Mas uma investigação da Rainforest Investigations Network e da organização Repórter Brasil, divulgada em janeiro de 2023, mostra que, embora tenha se beneficiado do financiamento, a Cofco comprou soja cultivada em áreas desmatadas.

As compras foram feitas por meio da Nutrade Comercial Exportadora, subsidiária da gigante agroquímica suíça Syngenta. Ao atuar como fornecedor indireto, a Nutrade possibilitou que a Cofco cumprisse tecnicamente os termos do empréstimo ​​— ao mesmo tempo que traía o seu propósito.

Com uso de imagens de satélite e dados públicos, a investigação analisou compras feitas pela Cofco em 2021 de soja cultivada em áreas recentemente desmatadas em Mato Grosso. A reportagem expôs falhas graves no controle da cadeia de abastecimento e lançou dúvidas sobre o compromisso da empresa com os objetivos de desmatamento zero.

Violação da Moratória da Soja

Entre as propriedades citadas na reportagem estão as fazendas União I e União II, do agricultor João Luiz Lazarotto. Essas áreas, utilizadas para cultivo de soja, milho e algodão, forneciam grãos para a Cofco através da Nutrade.

As notas fiscais analisadas pela reportagem confirmam as transações.

As fazendas ficam dentro da Amazônia Legal do Brasil ​​— uma região definida pela legislação para promover a proteção ambiental e o desenvolvimento sustentável. As áreas foram desmatadas depois de 2008, segundo dados de satélite da plataforma MapBiomas.

Essa data é emblemática: sob a Moratória da Soja, acordo histórico assinado em 2006 pelas principais empresas do agronegócio, por ONGs e pelo governo brasileiro, as empresas se comprometeram a não comprar soja cultivada em terras desmatadas na Amazônia após julho de 2008, ainda que o desmatamento tenha sido legalmente autorizado.

Como signatária, a Cofco não deveria ter adquirido soja dessas fazendas.

Desmatamento no Cerrado

A investigação também revelou o caso de um fornecedor da Cofco que opera no Cerrado ​​— a vasta savana tropical do Brasil, que abrange as regiões Centro e Nordeste e é o segundo bioma mais desmatado do país, atrás apenas da Amazônia.

Em março de 2021, a Uggeri Agropecuária, empresa com sede em Nova Mutum, no estado de Mato Grosso, fez diversas entregas de soja ao armazém da Cofco situado na cidade vizinha Lucas do Rio Verde.

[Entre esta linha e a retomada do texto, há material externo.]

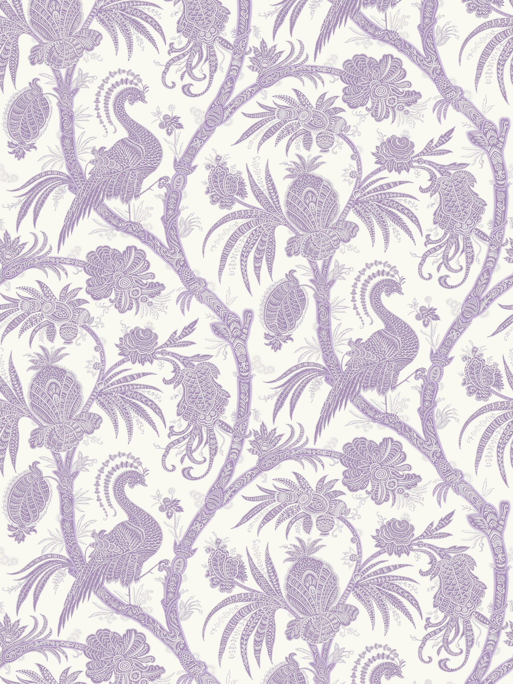 SCALAMANDRE BALINESE PEACOCK BIRD , ANIMAL BOTANICAL , FOLIAGE LAVENDER - SC 0003WP88355 NEW SKU # SCWP883550003

Documentos analisados ​​pelos jornalistas mostram que um contrato assinado em novembro de 2020 entre a Cofco e a intermediária Nutrade previa o fornecimento de 1.300 toneladas de soja da Uggeri.

A empresa é proprietária da Fazenda Ranchão, que produz grãos e cereais. Na propriedade contígua Fazenda Ranchão II, o órgão ambiental do estado de Mato Grosso (Sema-MT) embargou três áreas agrícolas em agosto de 2015 devido a infrações ambientais.

Apesar das sanções, imagens de satélite mostram que a Uggeri continuou plantando nas áreas embargadas e abastecendo a Cofco.

Essas ações constituem uma violação aos compromissos sociais e ambientais assumidos publicamente pela Cofco, uma vez que o contrato entre a empresa chinesa e a Nutrade permaneceu ativo ​​— sugerindo que, durante uma parte significativa do acordo, soja de origem irregular entrou na cadeia de abastecimento da Cofco, segundo especialistas consultados para a investigação.